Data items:
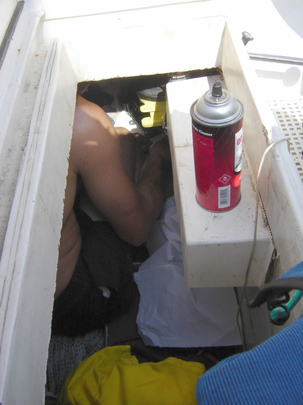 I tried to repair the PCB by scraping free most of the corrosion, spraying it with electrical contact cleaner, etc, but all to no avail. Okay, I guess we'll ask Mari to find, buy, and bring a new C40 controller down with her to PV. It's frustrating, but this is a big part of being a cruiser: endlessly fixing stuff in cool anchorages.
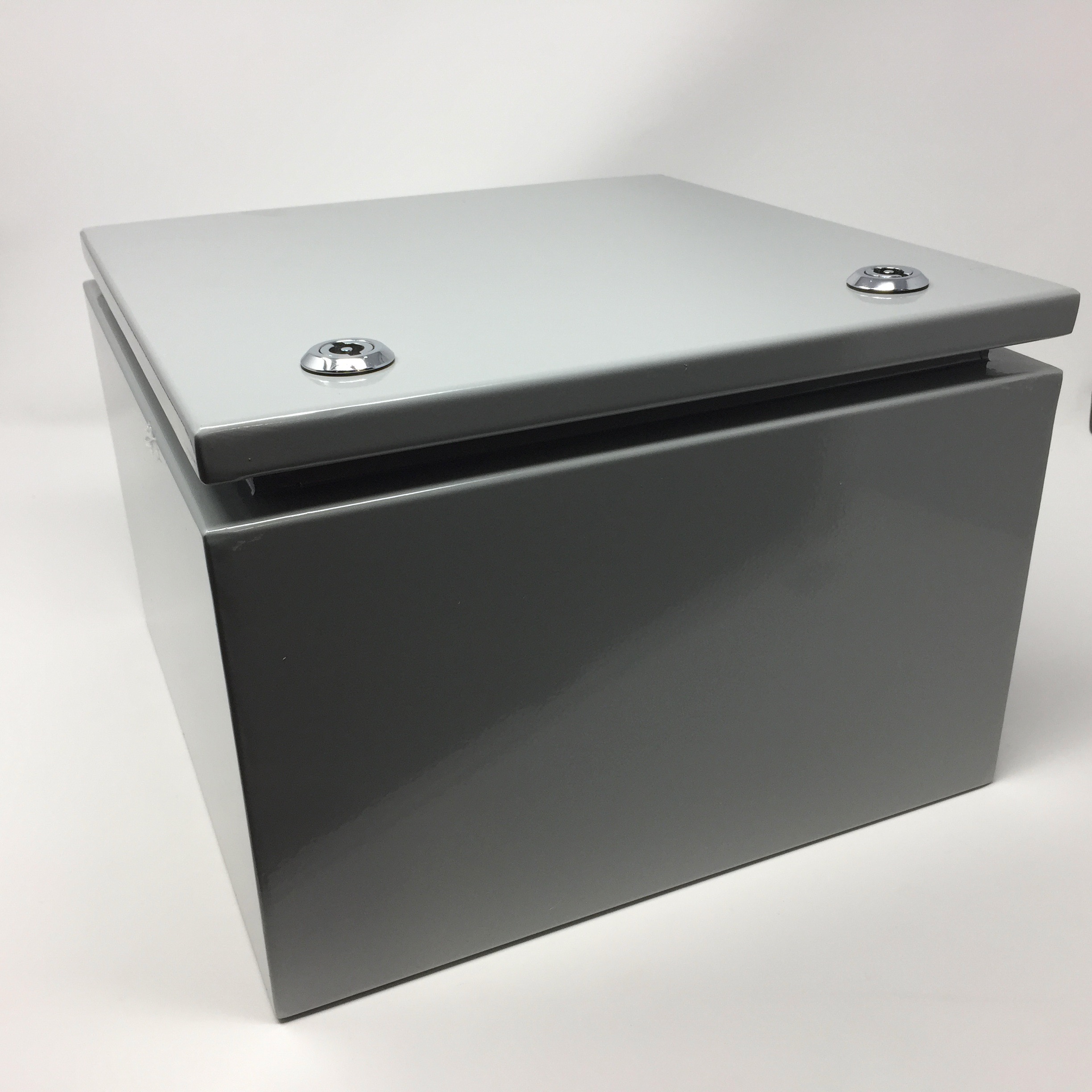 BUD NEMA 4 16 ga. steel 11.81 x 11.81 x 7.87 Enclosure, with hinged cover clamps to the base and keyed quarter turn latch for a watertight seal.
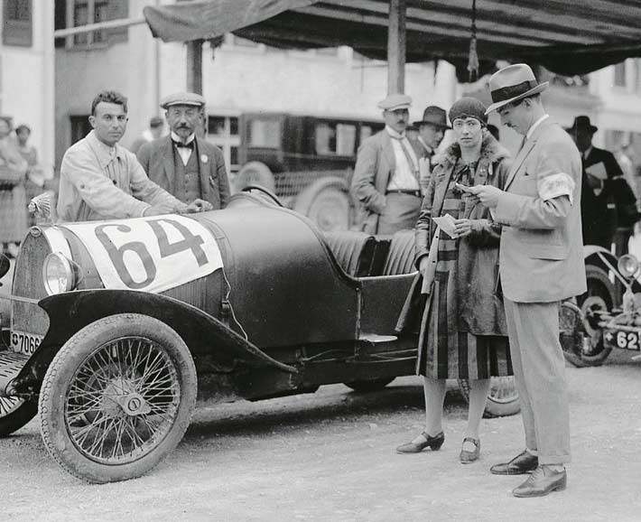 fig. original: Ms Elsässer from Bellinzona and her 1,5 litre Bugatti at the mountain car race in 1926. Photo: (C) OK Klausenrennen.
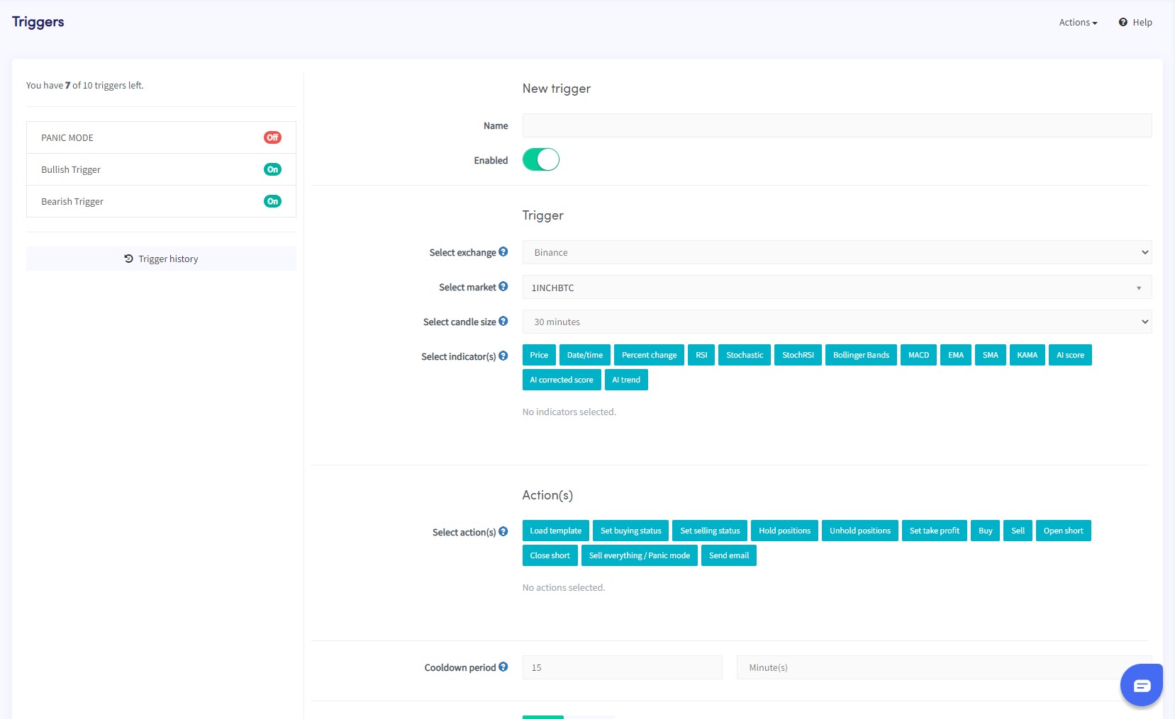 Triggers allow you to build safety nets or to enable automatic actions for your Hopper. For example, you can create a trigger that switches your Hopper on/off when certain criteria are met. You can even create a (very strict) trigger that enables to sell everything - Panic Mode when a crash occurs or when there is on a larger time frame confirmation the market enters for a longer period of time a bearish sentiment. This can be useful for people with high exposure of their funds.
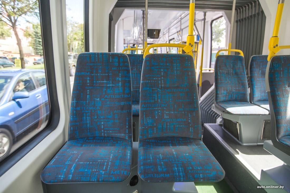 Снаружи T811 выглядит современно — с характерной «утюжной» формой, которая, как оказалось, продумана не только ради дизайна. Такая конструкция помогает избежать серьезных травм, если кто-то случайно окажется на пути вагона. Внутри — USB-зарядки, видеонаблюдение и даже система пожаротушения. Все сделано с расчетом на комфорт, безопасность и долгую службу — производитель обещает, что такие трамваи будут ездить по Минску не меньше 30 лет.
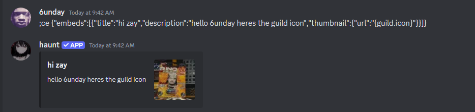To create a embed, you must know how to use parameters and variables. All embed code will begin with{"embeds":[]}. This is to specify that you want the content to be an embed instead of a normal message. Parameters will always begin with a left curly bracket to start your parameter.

Problem details -> What is needed is an exact copy of only the lines above from the one with "fig. original: Ms" to the one with "Triggers allow you", both kept, with every picture left out.

Task output ->
 fig. original: Ms Elsässer from Bellinzona and her 1,5 litre Bugatti at the mountain car race in 1926. Photo: (C) OK Klausenrennen.
 Triggers allow you to build safety nets or to enable automatic actions for your Hopper. For example, you can create a trigger that switches your Hopper on/off when certain criteria are met. You can even create a (very strict) trigger that enables to sell everything - Panic Mode when a crash occurs or when there is on a larger time frame confirmation the market enters for a longer period of time a bearish sentiment. This can be useful for people with high exposure of their funds.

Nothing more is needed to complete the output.